__The data__
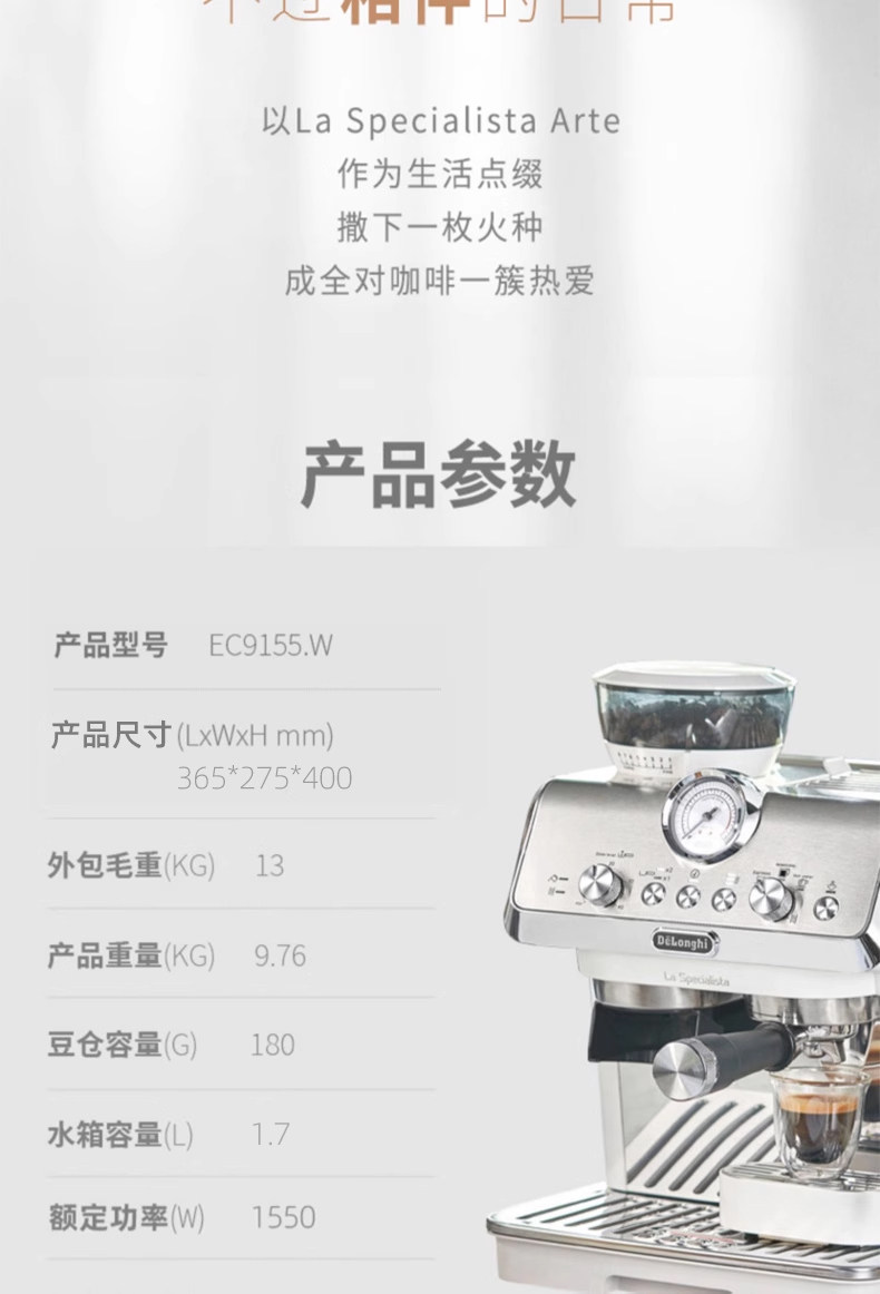 Delonghi/Delonghi Coffee Machine Ec9155.W Semi-Automatic Home Grinding Integrated Machine for Home and Office Gift
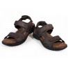 Sandalia de hombre semiabierta con cierre de velcro, realizada en piel napa engrasada y forro interior de piel.
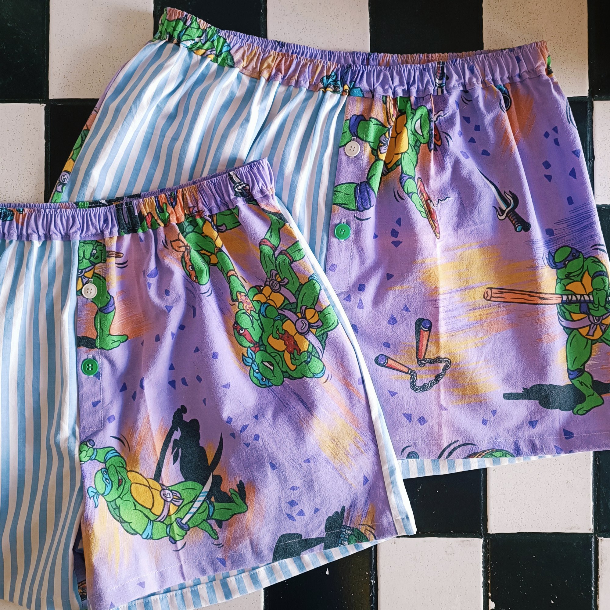 Ce caleçon unisexe est upcyclé à partir de 2draps de seconde main.

__About this exercise__
All of the material must be given again exactly, though no picture may appear in the copy.

__Answer for the task__
 Delonghi/Delonghi Coffee Machine Ec9155.W Semi-Automatic Home Grinding Integrated Machine for Home and Office Gift
 Sandalia de hombre semiabierta con cierre de velcro, realizada en piel napa engrasada y forro interior de piel.
 Ce caleçon unisexe est upcyclé à partir de 2draps de seconde main.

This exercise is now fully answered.